The Immigration Act 2016 – What do employers need to know?

Photo: Ross Brown, freeimages.com

While the UK’s EU referendum has – understandably – been occupying us recently, on 12 July 2016 the first sections of the Immigration Act 2016 will be implemented by the Home Office. Vikki Wiberg, Senior Counsel at Taylor Wessing, suggests steps employers can take to protect themselves.
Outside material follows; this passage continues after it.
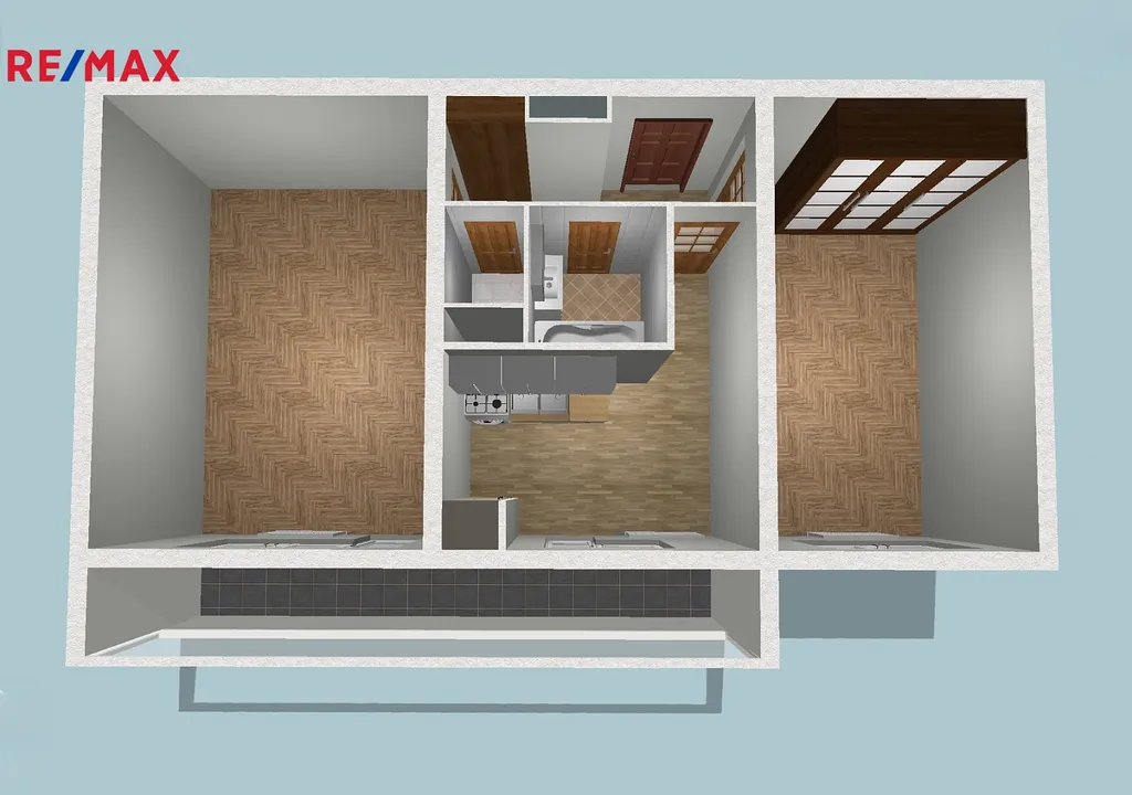 Byt je ve velmi pěkném stavu, k nastěhování od 01.02.2026. Podlahová plocha bytu je 45 m², k dispozici je prostorná, zasklená lodžie o výměře 7 m², spojující obývací pokoj a kuchyň.

Vikki Wiberg,Taylor Wessing
Vikki Wiberg,Taylor Wessing

The Act builds on the Immigration Act 2014 as part of the Government’s manifesto promise to reduce net migration to the UK. The 2016 Act contains powers to create a ‘hostile environment’ for those who do not hold immigration permission to be in the UK and make it more difficult for illegal immigrants to work, rent property and receive financial support here. The 2016 Act will introduce new sanctions against illegal workers and ‘rogue’ employers, and will dramatically increase the government’s ability to bring charges against those employing illegal workers.

Employer Sanctions

Hiring those without right to work

Historically, it has been difficult for the Home Office to enforce criminal sanctions against those employing someone without the right to work lawfully in the UK. Currently employers must “knowingly” have done so which is hard to prove. From 12 July 2016, the 2016 Act reduces the threshold for conviction to where an employer knew or “had reasonable cause to believe” that an employee does not have permission to work lawfully. Conviction on indictment will increase from the current 2 years to 5 years imprisonment. This lower burden of proof could result in a significant increase in criminal charges against businesses and those individuals responsible for recruitment.

Right to close business premises

The 2016 Act grants the Chief Immigration Officer the power to close a business’ premises for up to 48 hours where illegal working is suspected or the employer cannot provide evidence that right to work checks have been conducted, and the employer has received 1 + civil penalties for employing illegal workers in the last 3 years; failed to pay a previous civil penalty, the 28 day appeal period has expired and there is no live appeal; or an unspent conviction for employing illegal workers. Further periods of closure will be possible through the Courts.

The future – Immigration Skills Levy (April 2017)

From April 2017, employers will need to pay an annual skills levy to sponsor migrant workers under Tier 2. The levy will be set at £1,000 for large employers and £364 for small employers or charities. The levy aims to reduce employers’ reliance on imported labour, and boost the skills of young people in the UK.

The future – loss of NICs allowance for employers of illegal workers – 2017/2018

Since April 2014, most employers who pay Class 1 National Insurance Contributions have been entitled to benefit from an Employment Allowance of up to £2,000 a year off their National Insurance bill. The 2016 Budget announced that employers will lose this allowance for 1 year if they are subject to a civil penalty for employing illegal workers.

Charges against illegal immigrants

The 2016 Act permits those successfully convicted for working illegally in the UK to be personally liable for a fine and/or up to six months imprisonment. By criminalising illegal working, any pay received by the illegal worker can be recovered from the worker under the Proceeds of Crime Act 2002.

Recommendations

The consequences of non-compliance with the 2016 Act are very serious. Whilst the financial penalties are severe (particularly if a business is closed for 48 hours) the potential downgrading of a sponsorship licence where employers have not complied with the law, coupled with reputational damage stemming from negative press, will be of equal concern to employers.

In order to mitigate these risks, employers should regularly audit employee files to ensure they have taken and retained valid and up-to-date right to work evidence. It is also important that employers have a system in place to notify them of the upcoming expiry of an employee’s visa so that they can liaise with the employee in advance to ensure that they have taken steps to extend their visa.

If employers become aware during someone’s employment that the employee’s circumstances have changed and this may impact his or her visa, they now need to take active steps to address this with the employee. At the same time, employers should have a clear right to work policy in place and train staff on how to conduct right to work checks and retain compliant documentation. Policy guidance is very specific about what documents are considered to be acceptable.

If employers become aware (for example through an investigation) that an employee may not have the right to work in the UK, they may after 12 July have already committed the criminal offence as they could be said to have reasonable cause to believe that employee is an illegal worker. Investigating and disciplining officers may need to take appropriate steps to dismiss employees more quickly in these circumstances, which could increase unfair dismissal claims. Following a fair process and documenting the investigation carried out will remain key. Employers could consider nominating champions who are immigration experts. This may be particularly helpful for large organisations or those with sites spread over a large geographical area.

Vikki Wiberg, Senior Counsel at Taylor Wessing.